Bailey hat allein mehr Marktwert als alle 15 Winterkäufe in Österreichs Liga zusammen, die in Summe nicht viel mehr als zehn Prozent der Bailey- Ablöse kosteten. Mehr als 15 Neue engagierten die zehn Bundesligisten streng genommen nicht. Denn wenn Salzburg von Altach den oben abgebildeten Dimitri Oberlin zurückbeordert, von der Erste Liga-Filiale Liefering die talentierten Stürmer Mergim Berisha und Samuel Tetteh, derzeit im Aufgebot von Ghana beim Afrika-Cup, in den Kader holt, sind das keine Neueinkäufe. Interessant wird sein, welcher der 15 Neuen beim Saisonstart, der elf Tage auf das Ende der Transferzeit folgt, in der Startformation steht. Da liegt der Fokus speziell auf zwei Partien: Salzburg – St.Pölten und Mattersburg – Sturm Graz. Salzburg wird die Antwort darauf liefern, ob Oberlin jetzt bei Trainer Oscar Garcia wirklich so hoch im Kurs steht, wie es Sportchef Christoph Freund ankündigte. An Kapitän Soriano wird er nicht vorbei kommen, wenn der Spanier fit ist. Blieben vier Konkurrenten um den zweiten Platz im Angriff des Meisters: Der Südkoreaner Hee-Chan Hwang, der Japaner Minamino, der Norweger Gulbrandssen sowie der Israeli Dabbur. Bei St.Pölten kann Trainer Jochen Fallmann unter sechs Neuen wählen: Diallo sollte die Abwehr stabilisieren, wenn Korkmaz im Saft ist, müsste er gesetzt sein. Und hat der Montag geholte Guinea-Stürmer Doumbouya, der angeblich seit Monaten am Radar des Aufsteigers steht, wirklich die Qualitäten, über die Sportdirektor Frankie Schinkels jubelte, dürfte es auch bei ihm keine Diskussionen geben. Dann kann man sich nur nicht erklären, warum Inverness im schottischen Abstiegskampf auf diese Qualitäten des 26jährigen verzichtete.

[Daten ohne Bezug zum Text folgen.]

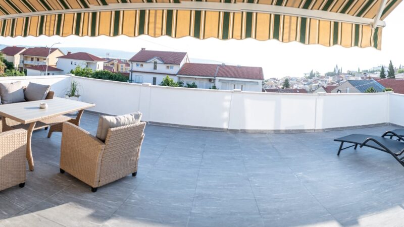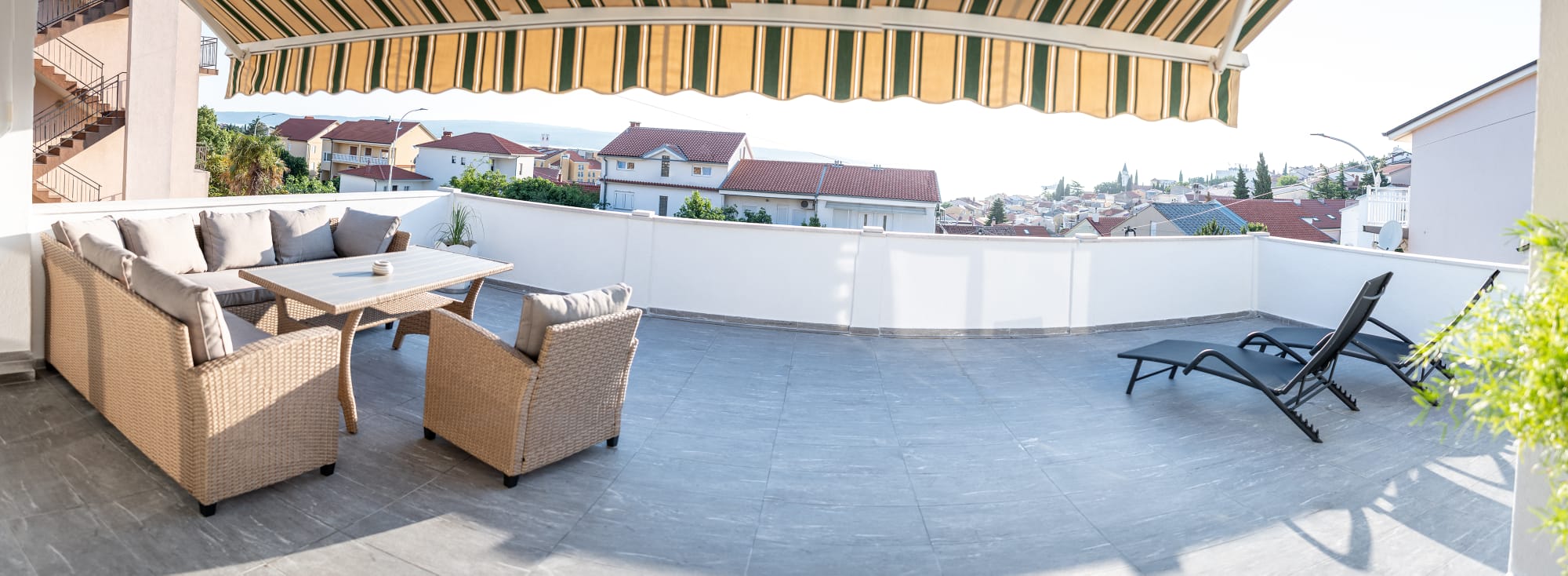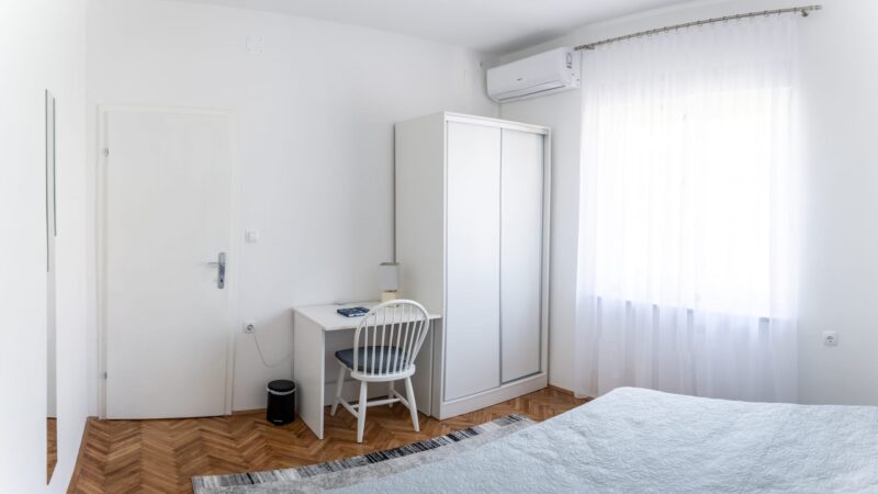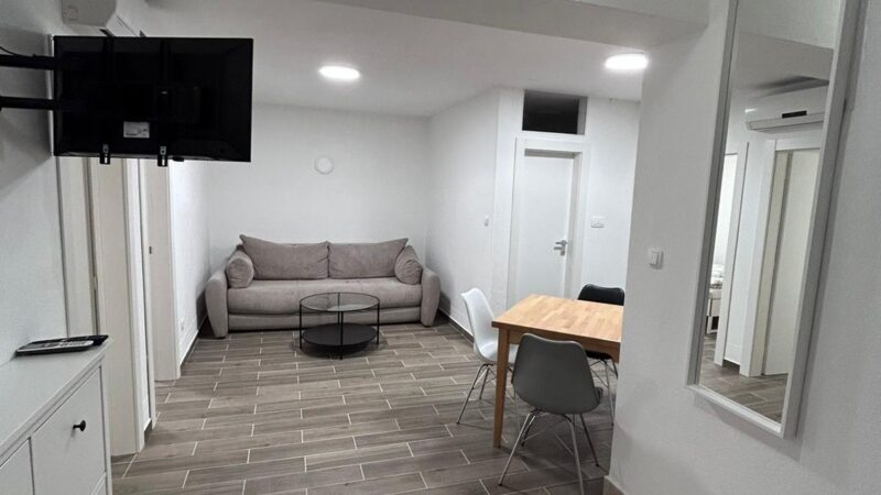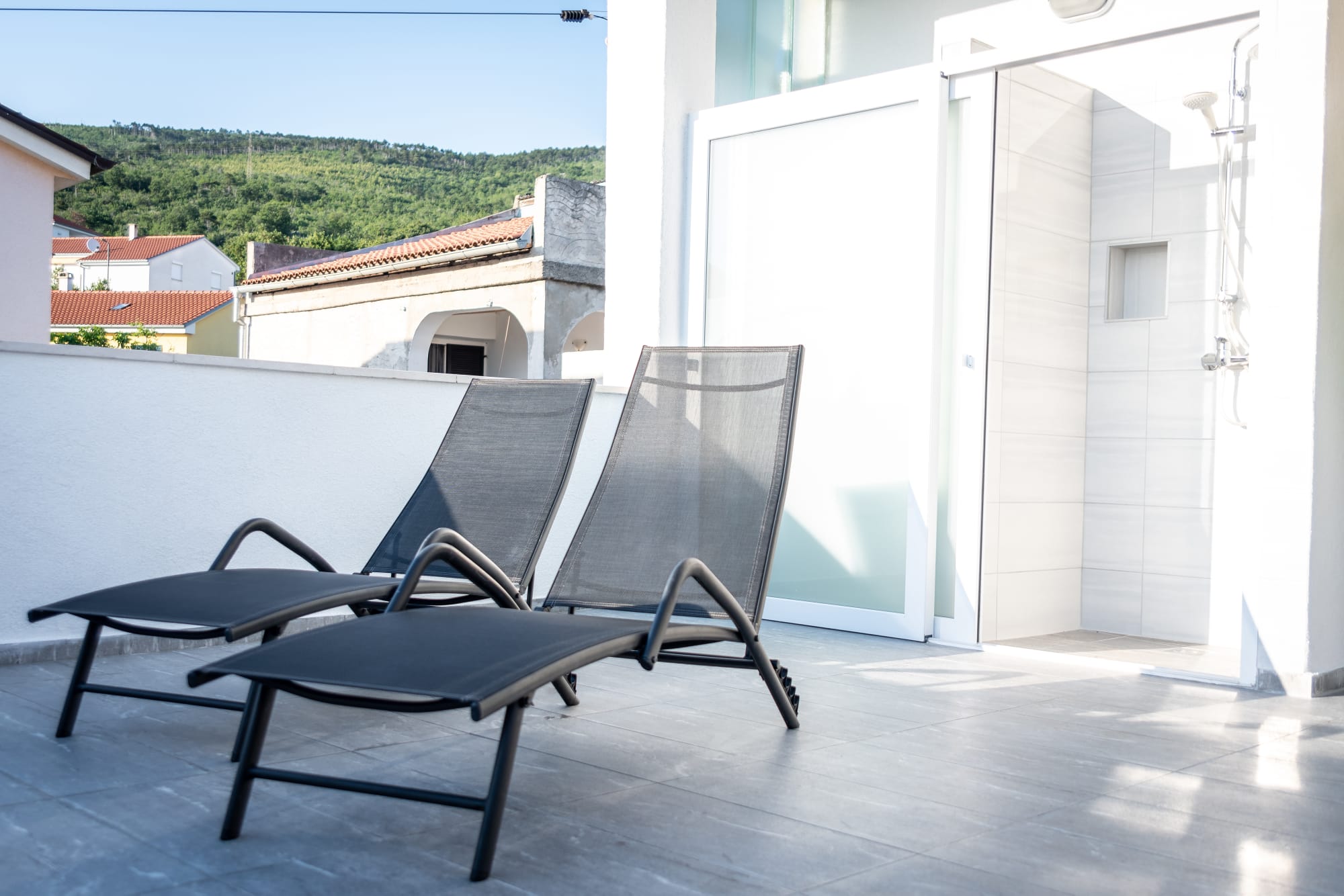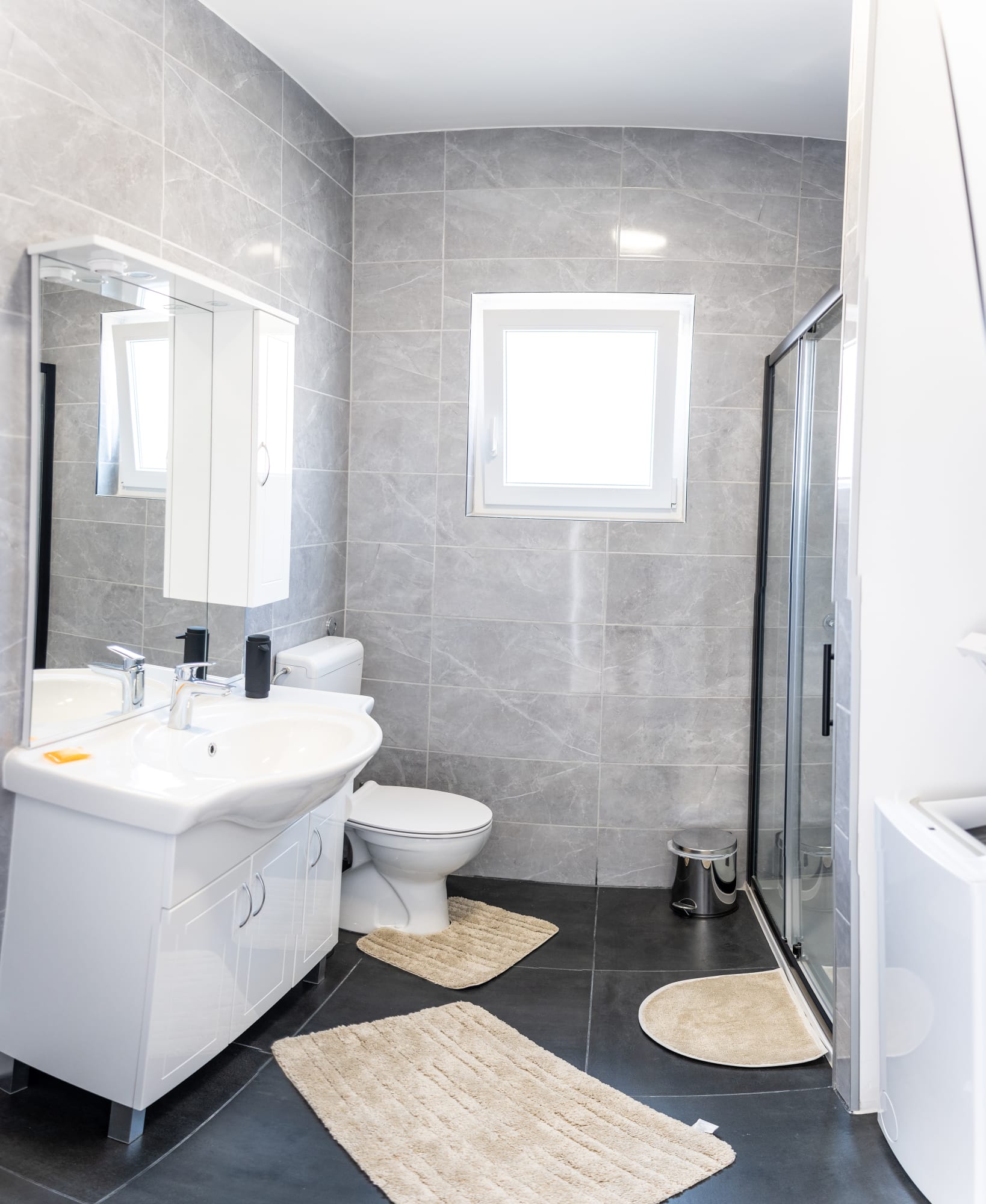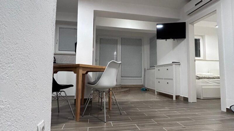 ground floor, 45m2, modern furniture, aircondition, 1 double bedroom, 1 single bedroom, shower/toilet, washing machine, livingroom with dining place, dishwasher, coffee machine, boiling kettle, Sat-TV, Wi-Fi, iron and ironing bord, terrace with seaview, parking in the yard

Bei Mattersburg-Sturm können Gerald Baumgartner und Franco Foda zwischen drei Neuen wählen: Cesar Ortiz, Atanga und „Major“ Maierhofer, wer kann das Schlusslicht nach vorne pushen? Mit zwei Mittelstürmern, mit Maierhofer und Bürger, werden die Burgenländer wohl nicht beginnen. Allen drei Winterkäufe fehlte im Herbst die nötige Spielpraxis. Trifft bei Sturm auf Chabbi und Hoffenheim-Leihgabe Atik zu, nicht auf den Norweger Ovenstad. Bei den Grazern wären durch die Abgänge von Matic und Edomwonyi Plätze Ovenstadt und Chabbi frei. Sportchef Günter Kreissl findet es aber nicht maßgeblich, ob die drei Neuen auf Anhieb zu den ersten elf zähle. Sein nachvollziehbares Argument: „Man holt ja Spieler nicht für ein Match,sondern, weil sie auf Dauer etwas bringen sollen.“
Keine Neuen werden sicher Winterkönig Altach, Austria, Rapid und Ried aufbieten. Bei den Wiener Klubs und im Innviertel gibt es keine. Sehr wohl hätte Heimo Pfeifenberger bei Wolfsbergs Start gegen Ried die Möglichkeit, auf Winterkäufe zu setzen. Abwarten, wie hoch bei ihm Mario Leitgeb, den er noch von Grödig kennt, sowie Jamaika-Stürmer Orgill im Kurs stehen. Apropos Jamaika: Bailey hätte Pfeifenberger allein schon von der Qualität her sicher lieber, als Orgill. Da gäbe es keine Diskussion, ist aber Utopie. Denn der Unterschied im Preis sind wohl mindestens zwei Jahresbudgets der Kärntner. Und Österreich wäre für einen, der in Belgien spielte, ein Schritt zurück. Bailey wollte einen nach vorne machen.